Крошечное дитя в белоснежном чепчике подковыляло к Алеше и просительно засмотрелось голубыми глазами: ему хотелось посидеть на чудище. Так то сивка-бурка вещая каурка, неузнаваемый в авангардистском броске, оскаленный и нервный. Алеша подсадил малыша, тот помчался в чисто поле, а они опять пошли по пятнистой дорожке под липами.
— Пойдем в ЦДЛ? — предложила Лиза. — Там такие пирожные.
— Что такое ЦДЛ?
— Я ж говорю: Дом литераторов.
— Так ведь не пустят?
— Прорвемся.
Средь посольств экзотических стран — чисто выметенные дворы и подстриженные лужайки, как необычно, чудно живут чужеземцы — вытянулся писательский домик с тяжелыми стеклянными дверьми.

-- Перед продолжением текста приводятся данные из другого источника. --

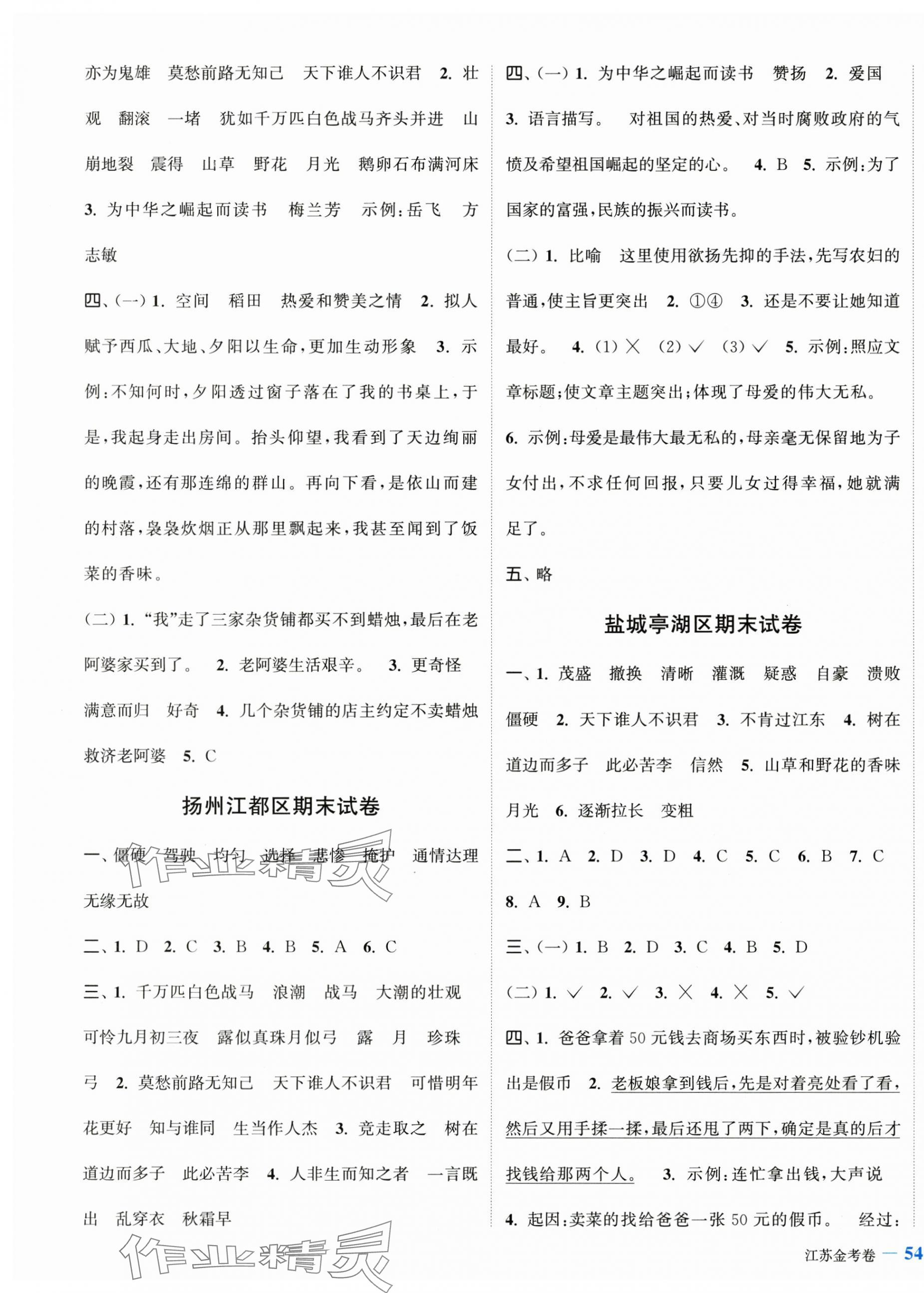 注:目前有些书本章节名称可能整理的还不是很完善,但都是按照顺序排列的,请同学们按照顺序仔细查找。练习册 2025年江苏金考卷四年级语文上册人教版 答案主要是用来给同学们做完题方便对答案用的,请勿直接抄袭。
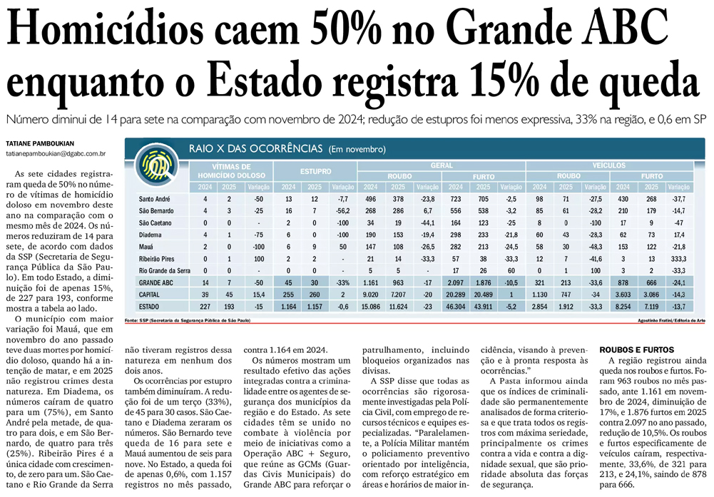 Homicídios caem 50% no Grande ABC enquanto o Estado registra 15% de queda
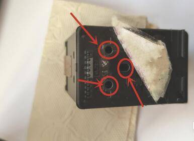 撕开墨盒顶端的标签,找到加墨孔;
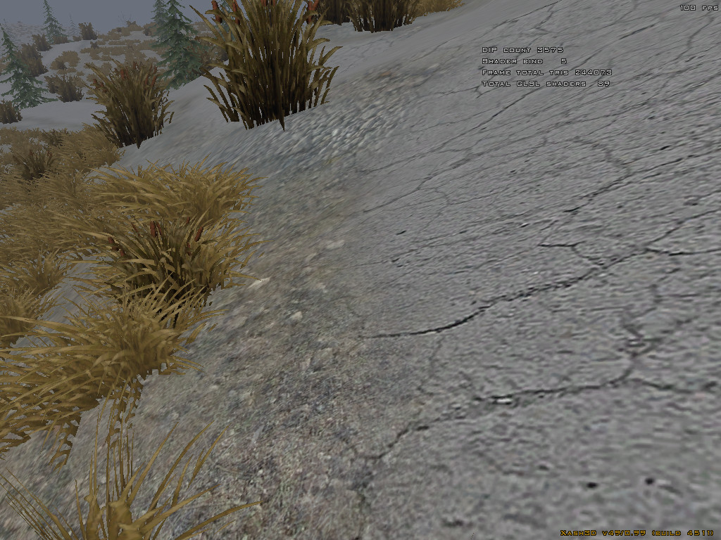 Я мог бы заморочиться с более мелкой тесселяцией, но смысла особо не вижу из-за самого принципа наложения повертексного террейна. А принцип этот очень простой - на каждом треугольнике не может быть более двух слоёв, а вертекс-альфа это фактор блендинга между двумя слоями. В параное-то террайн можно натянуть на два гигантских треугольника, размером 8192х8192. И нарисовать на них что угодно. А повертексное ложится именно на всякую геометрию с перепадами, т.к. там в любом случае много треугольников. Разумеется и гигантскую плоскость можно тесселировать, но это приведёт лишь к тормозам. И всё равно качества попиксельного смешивания получить не удасться.
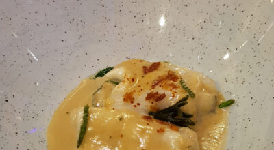 «En esta primera fase nos apoyamos en conservas, por ejemplo, un escabeche con wakame y crujiente de patatas, todo completamente artesanal. Cambiamos la carta cada 2-3 meses, para que nuestros clientes recurrentes también puedan encontrar algo nuevo», nos explica Trabuchelli al entrar en el Scotch Bar, un relajante espacio de decoración moderna pero cálida, con tonos color café claro y madera. «Preferimos una carta de tapas corta, especializadas y de calidad, antes que abrumar a nuestros clientes con muchas propuestas», aclara. Comenzamos la ruta con una de ellas, el falso filipino de calamar, una auténtica delicia que se deshace en la boca.
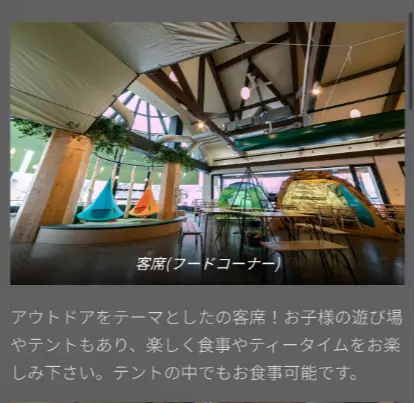アウトドアをテーマとした客席があり、テントの中でも食事が出来ますよ。
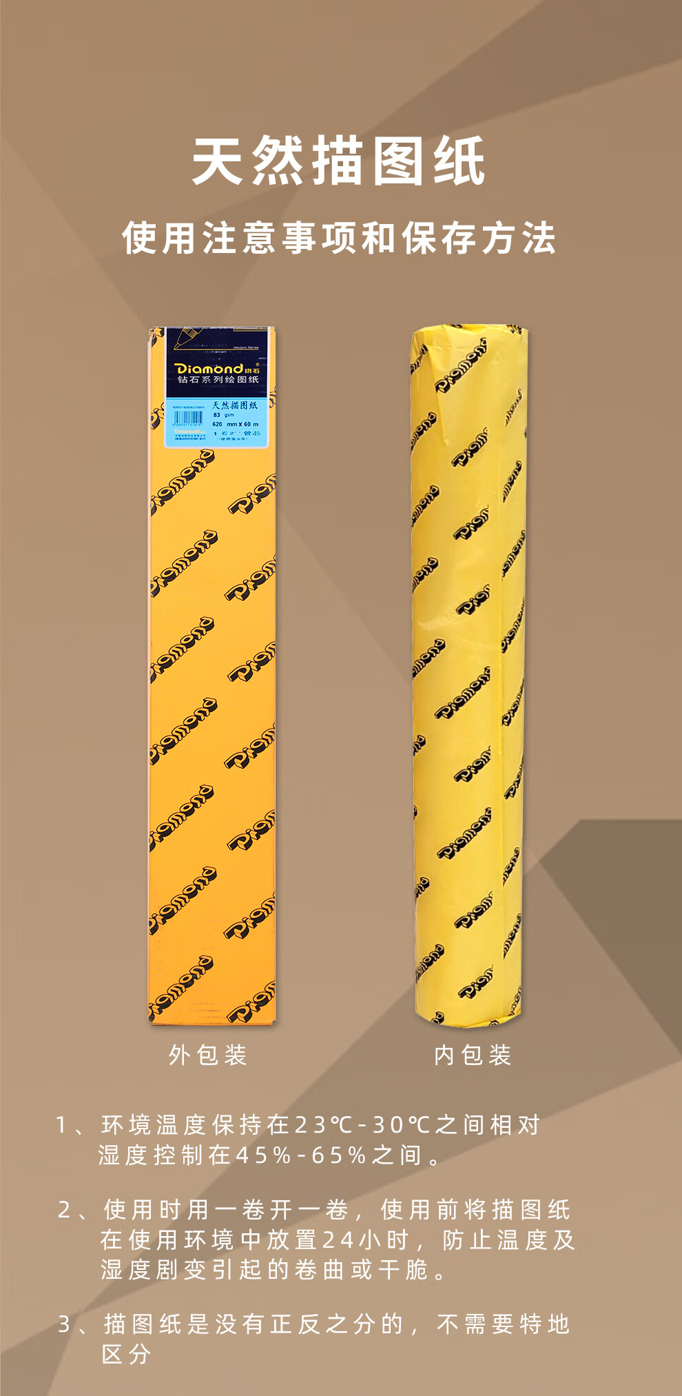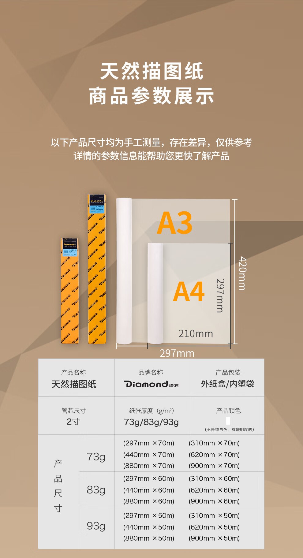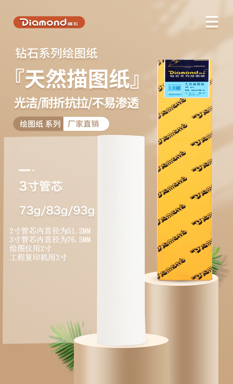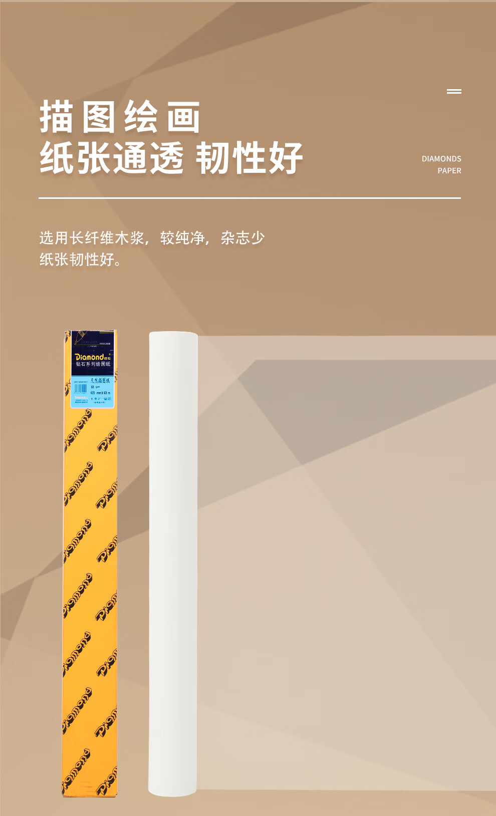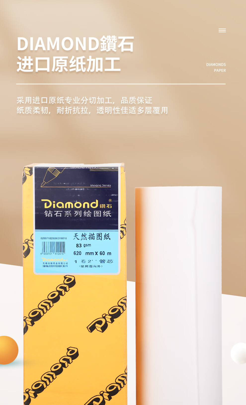 钻石Diamond天然描图纸73g83g93g硫酸纸工程透明卷筒纸三寸管芯激光打印硫酸纸 880mm*150M(93g)3寸/卷

— Стой. Вон, видишь, идет дядька? Он явно сюда.
— Почему ты знаешь?
— Потому… вид странный, ничего не замечает, углублен. Так вот, он меня проводит, а потом вернется за тобой.
— А почему он должен…
— Тихо! Хочешь на великих посмотреть — жди.
— Великие умерли.
— Не привередничай. Какие есть.
Дядька — около пятидесяти и прилично одет — и впрямь поднялся на пологую ступеньку к дверям, Лиза подошла, улыбнулась, он явно встрепенулся.
— У меня к вам просьба.
— Чем могу служить?
— Мне нужно попасть в клуб, но я пока что не член Союза.
— Так прошу!
Они удалились, а через некоторое время — недолгое — дядька возник за стеклом и поманил Алешу пальцем.
— Это вы бедный брат?
— Я.
— Пошли.
Прошли мимо свирепых старух в черном (вот кто охраняет писателей), мимо зеркал и деревянных панелей в прохладной сумеречной глубине; с огромного портрета некто глянул зорко («Покойник Фадеев, — пояснил дядька. — „Разгром“»), сейчас гаркнет: «Партбилет на стол!»
— Ну-с, молодые люди?
— Спасибо, — сказала Лиза.
— Рад служить. Левушка.
— Я Лиза, а это Алеша.
— Лиза и Алеша — прелесть. Что-то такое незабвенное, знаете, карамазовское. И как похожи.
— Мы близнецы, сироты.
— Ай-ай-ай!
— А вы в каком жанре?
— Драма. Одинокий поживший человек кончает жизнь самоубийством. Действие первое — в морге. Угрюмый сторож уходит, гремя ключами…
— Левушка, — сказал, подойдя, господин в черном. — Привезли немецкое пиво.
— Присоединяйтесь! — щедро воскликнул Левушка и пояснил, как в старомодной пьесе, «в сторону»: — Это приютские близнецы.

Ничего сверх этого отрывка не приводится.